As you can see from the above, it only takes 1~2ms to get the result. The reason is that we use GIN index, which can be checked by looking at the execution plan:

Osdba = # explain the select * from user_tag where tag @ > '{" personality ": [" outgoing" and "careful"]}' and tag @ > '{" career ": [" doctors"]}' and the tag @>'{" hobby ":[" skiing ", "swimming "]}'; QUERY PLAN ------------------------------------------------------------------------------------------------------------------------ -- -- -- -- -- -- -- -- -- -- -- -- -- -- -- -- -- -- -- -- -- -- -- -- -- -- -- -- -- -- -- -- -- -- -- -- -- -- Bitmap Heap Scan on user_tag (cost = 48.00.. 52.02 rows = 1 width = 153) Recheck Cond: ((tag @ > '{" personality ": [" outgoing" AND "careful"]}' : : jsonb) AND the tag @ > '{" career ": [" doctors "]} ': : jsonb) AND (tag @ >' {" hobby ": [" ski", "swimming"]} ': : jsonb)) - > Bitmap Index Scan on idx_user_tag_tag (cost = 0.00.. 48.00 rows = 1 width = 0) Index Cond: ((tag @ > '{" personality ": [" outgoing" AND "careful"]}' : : jsonb) AND the tag @ > '{" career ": [" doctors "]} ': : jsonb) AND (tag @ >' {" hobby ": [" ski", "swimming"]} ': : jsonb)) (4 rows) Time: 1.736 msCopy the code

GIN index is the nuclear weapon in PostgreSQL, and you can see how powerful GIN index is. GIN can be used with json data types as well as array types. Jsonb provides two types of index operators (you can think of two types of indexes) for GIN indexes:

  • Jsonb_ops, this is the default, this is the type of index we built above,
  • jsonb_path_ops

Jsonb_ops supports @> and?

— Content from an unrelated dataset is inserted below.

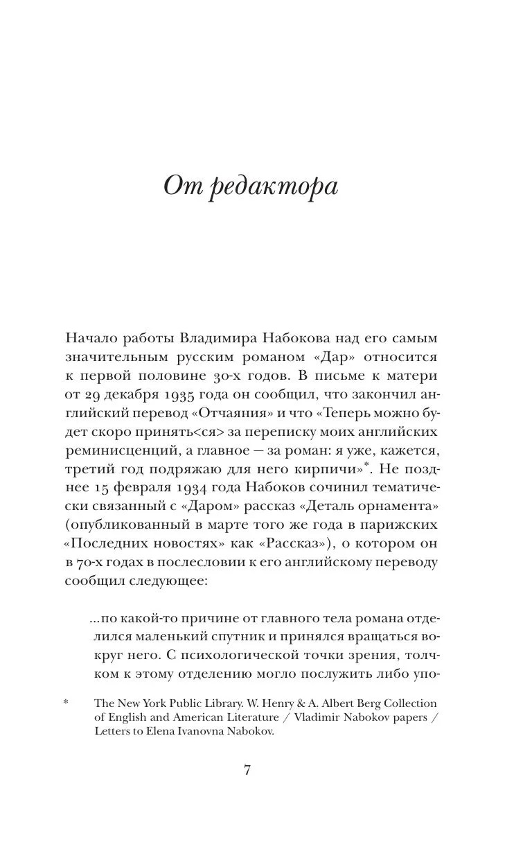 Таким образом, нарочитый отказ от сравнения реальности и вымысла в предисловии – тайное приглашение заглянуть в глубь зеркальных отражений и попробовать разгадать роман “Дар”.

And “? & “, “? | “operators such as query, the meaning of these operators, please see: official documentation and jsonb_path_ops only supports the” @ “> operator, of course jsonb_path_ops index are much smaller than json_ops index, specific can see:


osdba=# select pg_relation_size('idx_user_tag_tag');
 pg_relation_size
------------------
           245760
(1 row)

Time: 0.522 ms
osdba=# CREATE INDEX idx_user_tag_tag2 on user_tag using gin(tag jsonb_path_ops);
CREATE INDEX
Time: 46.947 ms
osdba=# select pg_relation_size('idx_user_tag_tag2');
 pg_relation_size
------------------
           147456
(1 row)
Copy the code

The jSONb_PATH_OPS index uses basically the same method as jSONb_OPS:

osdba=# drop index idx_user_tag_tag; DROP INDEX Time: 2.833 ms osdba = # select * from user_tag where tag @ > '{" personality ": [" outgoing" and "careful"]}' and tag @ > '{" career ": [" doctors"]}' and the tag @>'{" hobby ":[" skiing ", "swimming "]}'; uid | tag ------+-------------------------------------------------------------------------------------------------- 4469 | {" degree ": /" primary school ", "personality" : [" outgoing ", "care", "stable"], "hobby" : / "ski", "swimming", "professional" : [" doctors "]} (row 1) Time: 1.401ms osdba=# explain select * from user_tag where tag @> 'and tag @>' and tag @> ' @>'{" hobby ":[" skiing ", "swimming "]}'; QUERY PLAN ------------------------------------------------------------------------------------------------------------------------ -- -- -- -- -- -- -- -- -- -- -- -- -- -- -- -- -- -- -- -- -- -- -- -- -- -- -- -- -- -- -- -- -- -- -- -- -- -- Bitmap Heap Scan on user_tag (cost = 24.00.. 28.02 rows = 1 width = 153) Recheck Cond: ((tag @ > '{" personality ": [" outgoing" AND "careful"]}' : : jsonb) AND the tag @ > '{" career ": [" doctors "]} ': : jsonb) AND (tag @ >' {" hobby ": [" ski", "swimming"]} ': : jsonb)) - > Bitmap Index Scan on idx_user_tag_tag2 (cost = 0.00.. 24.00 rows = 1 width = 0) Index Cond: ((tag @ > '{" personality ": [" outgoing" AND "careful"]}' : : jsonb) AND the tag @ > '{" career ": [" doctors "]} ': : jsonb) AND (tag @ >' {" hobby ": [" ski", "swimming"]} ': : jsonb)) (4 rows) Time: 0.634 msCopy the code

At the end

You can write more SQL to do data analysis of user portraits, which I won’t go into here. It is also possible to use PostgreSQL array types to build tags, and array types also run GIN indexes, but in general it is not as intuitive as using JSON.